▶ [HOW TO COMPLETE THIS TASK] Below is a listing. Return the lines from the one that contains "Paraformaldehyde-fixed, paraffin embedded" to the one that contains "В этом центре", both ends included, verbatim and with no pictures.

▶ [TASK DATA]

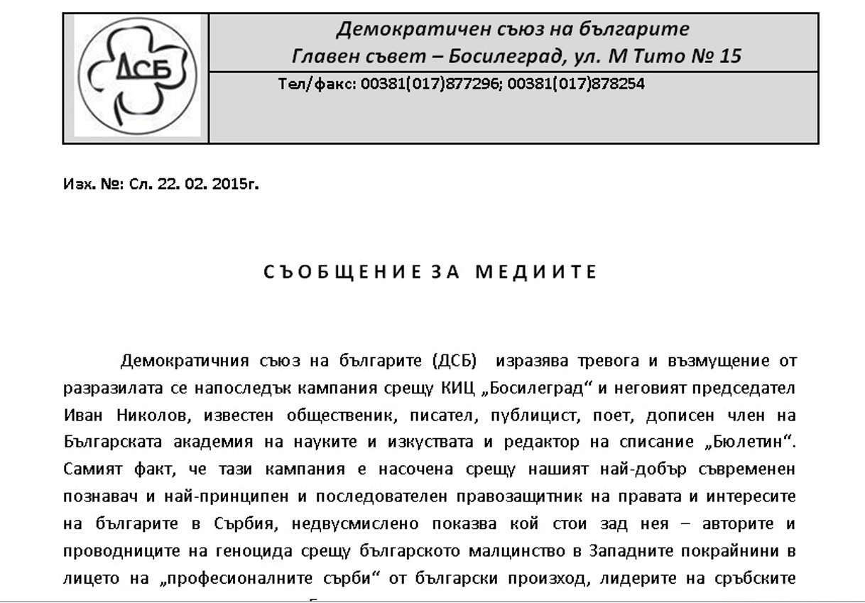Демократичния съюз на българите (ДСБ) изразява тревога и възмущение от разразилата се напоследък кампания срещу КИЦ „Босилеград“ и неговият председател Иван Николов – известен общественик, писател, публицист, поет, дописен член на Българската академия на науките и изкуствата, и редактор на списание „Бюлетин“. Самият факт, че тази кампания е насочена срещу нашият най-добър съвременен познавач и най-принципен и последователен правозащитник на правата и интересите на българите в Сърбия, недвусмислено показва кой стои зад нея – авторите и проводниците на геноцида срещу българското малцинство в Западните покрайнини, в лицето на „професионалните сърби“ от български произход, лидерите на сръбските националистически партии и Босилеградските управници.
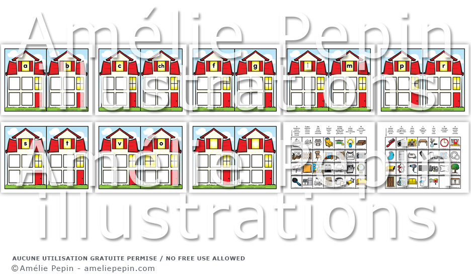 Chaque maison contient un son vedette (a, b, c dur, ch, f, g, l, m, p, r, s, t, v, o). L'enfant place trois ou quatre images dans la maison dont le nom débute par la lettre vedette. Par exemple, pour la lettre "l", l'enfant place les images: lampe, lavabo, lave-vaisselle, lit. Certaines images peuvent être placées à différents endroits selon le mot perçu par l'enfant, il est donc important de lui demander le nom de l'image si vous ne les mentionnez pas. La liste des mots est inscrite sur les pages d'illustrations.
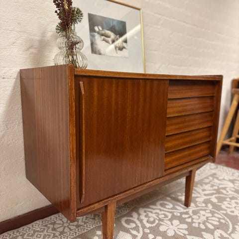 Kolmesta osasta koostuva upea vanha pitkä kotimainen vintage tiikki senkki 1960-luvulta.
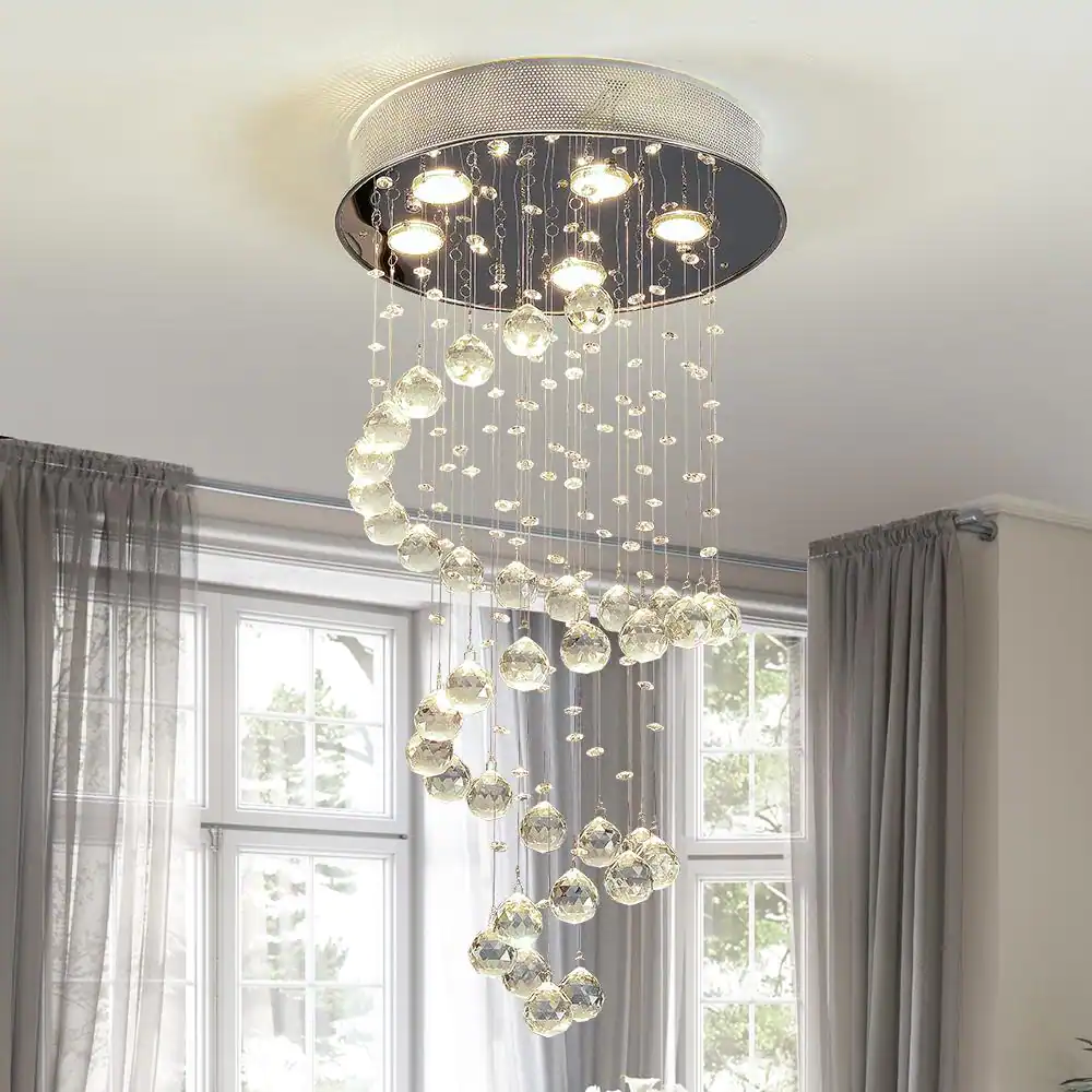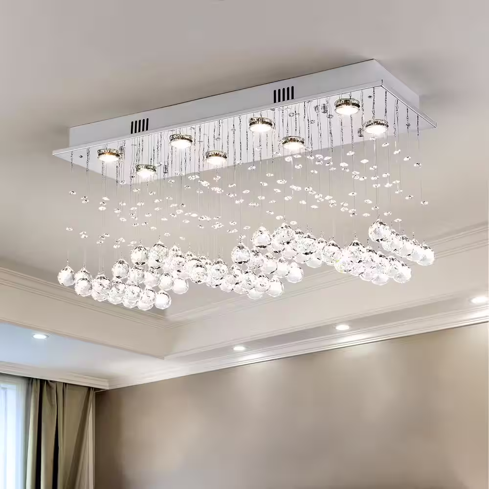 Maxax Albany 8-Light Clear/Chrome Unique Tiered Chandelier with Crystal Accents
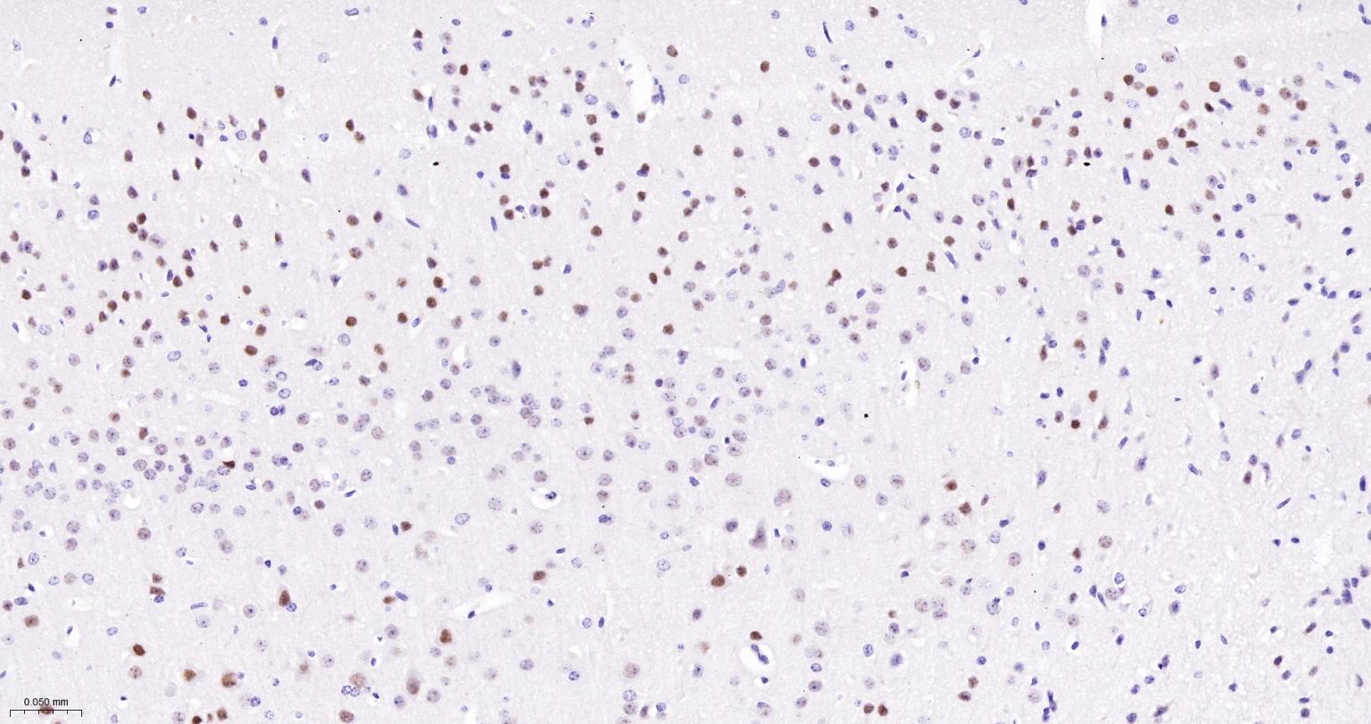 Paraformaldehyde-fixed, paraffin embedded Mouse Cerebrum; Antigen retrieval by boiling in sodium citrate buffer (pH6.0) for 15 min; The section was incubated with Cyclin H Monoclonal Antibody, Unconjugated (bsm-61446R) at 1:200 overnight at 4°C, followed by conjugation to the bs-0295G-HRP and DAB (C-0010) staining.
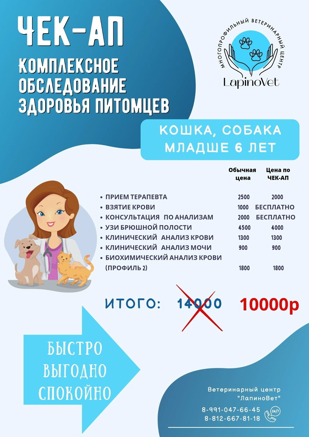 В этом центре работают организованно и без лишних проволочек, нас сразу зарегистрировали и оперативно пригласили на прием. Персонал подробно рассказал о процедурах, не заставлял долго ждать, быстро выдал письменные рекомендации, в целом остались довольны обслуживанием. Мы привезли кота на предоперационное обследование перед вмешательством на почках и на удаление зубов, поскольку состояние ротовой полости было уже критическим. Питомец сейчас восстанавливается нормально и уже начал есть.
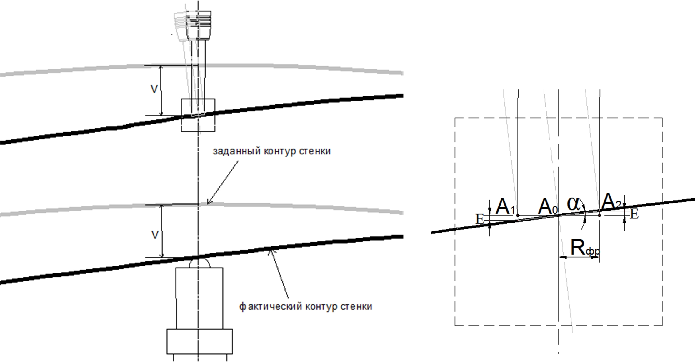 На рис. 3 приведена схема образования ошибки по толщине остаточного полотна из-за отклонения оси шпинделя от нормали к поверхности. Как видно на рисунке, положение инструмента корректируется в точке A0 на центральной оси инструмента по сигналу V с датчика слежения за контуром, который расположен соосно с фрезой.
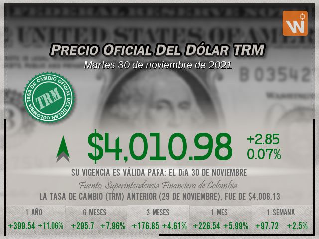 La tasa TRM a la que se liquida el precio del dólar es de $4,010.98, con vigencia para el martes 30 de noviembre de 2021.
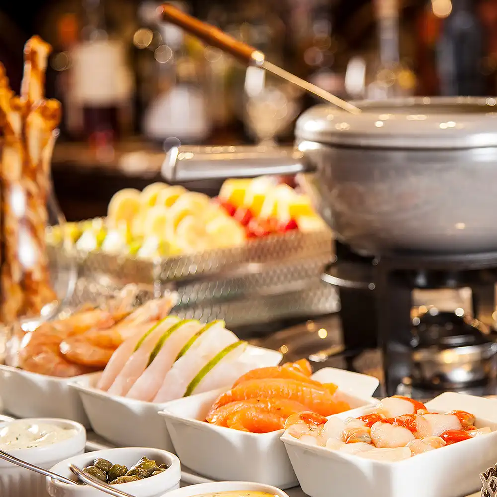 Sequência de quatro passos, incluindo frutos do mar, queijos finos, filé mignon e chocolate belga, proporcionando uma experiência gastronômica romântica e exclusiva. Necessária reserva antecipada.
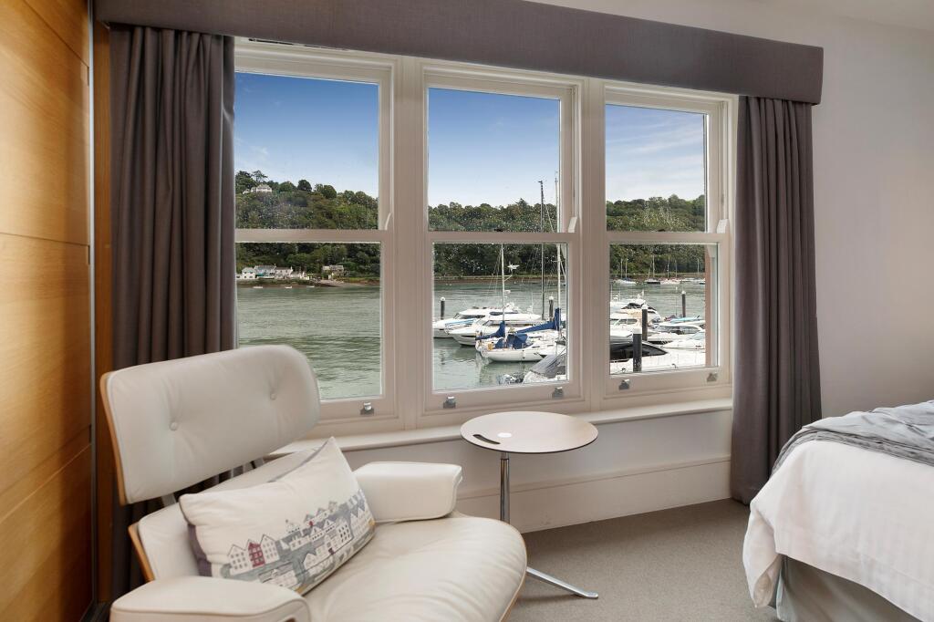 A stunning three storey town house with waterside terrace, parking, and superb uninterrupted views of the River Dart. 28 Dart Marina is a beautifully presented three-storey town house with a private riverside terrace and wonderful views over the Dart Marina and River Dart beyond. This luxuriousl...
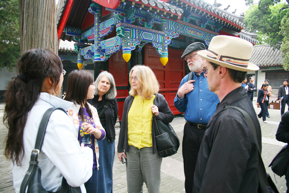 在山东曲阜孔子故里,副所长赵屹向“中国民艺国际视频网站——中国藤”项目组成员详细介绍了中国伟大的思想家、政治家、教育家孔子及其思想对后世产生的深远影响。美国项目组成员对孔子以“仁爱”为核心的儒家学说表示出极大的兴趣,并对于孔府孔庙的传统建筑布局、建筑风格与各种木雕、石雕、砖雕的建筑装饰充满喜爱。
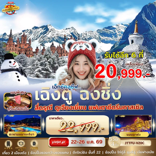 จีน 2 มหานคร ฉงชิ่ง เฉิงตู เขาสี่ดรุณี กาเซียร์ 12-19 เม.ย.68
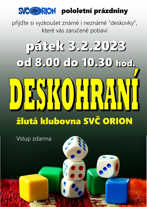 Přijďte si vyzkoušet zahrát nějakou deskovou hru, známou či neznámou. SVČ Orion má ve svém archivu spoustu her, stačí si vybrat. Na akci se předem hlásit nemusíte, dokonce je zdarma. Ideální vyplnění času před odjezdem na druhou akci - bruslení. Akci povede náš přední "deskolog" Honza Bartošík.
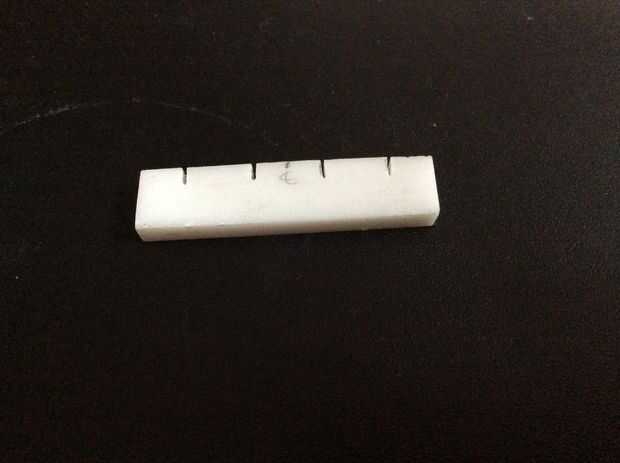 Una buena estimación es el ukelele, entonces trabajaba en una cadena en una prensa de tiempo abajo en el tercer traste de la secuencia. La cadena va a tocar el segundo traste y debe existir una holgura en el primer traste. Desea establecer la ranura de la tuerca a una altura que un espacio similar en el primer traste cuando la cuerda está abierto y todavía. Esto tendrá varias iteraciones para obtener derecho pero es fundamental que hacer.

▶ [SOLUTION TO THE EXERCISE]
 Paraformaldehyde-fixed, paraffin embedded Mouse Cerebrum; Antigen retrieval by boiling in sodium citrate buffer (pH6.0) for 15 min; The section was incubated with Cyclin H Monoclonal Antibody, Unconjugated (bsm-61446R) at 1:200 overnight at 4°C, followed by conjugation to the bs-0295G-HRP and DAB (C-0010) staining.
 В этом центре работают организованно и без лишних проволочек, нас сразу зарегистрировали и оперативно пригласили на прием. Персонал подробно рассказал о процедурах, не заставлял долго ждать, быстро выдал письменные рекомендации, в целом остались довольны обслуживанием. Мы привезли кота на предоперационное обследование перед вмешательством на почках и на удаление зубов, поскольку состояние ротовой полости было уже критическим. Питомец сейчас восстанавливается нормально и уже начал есть.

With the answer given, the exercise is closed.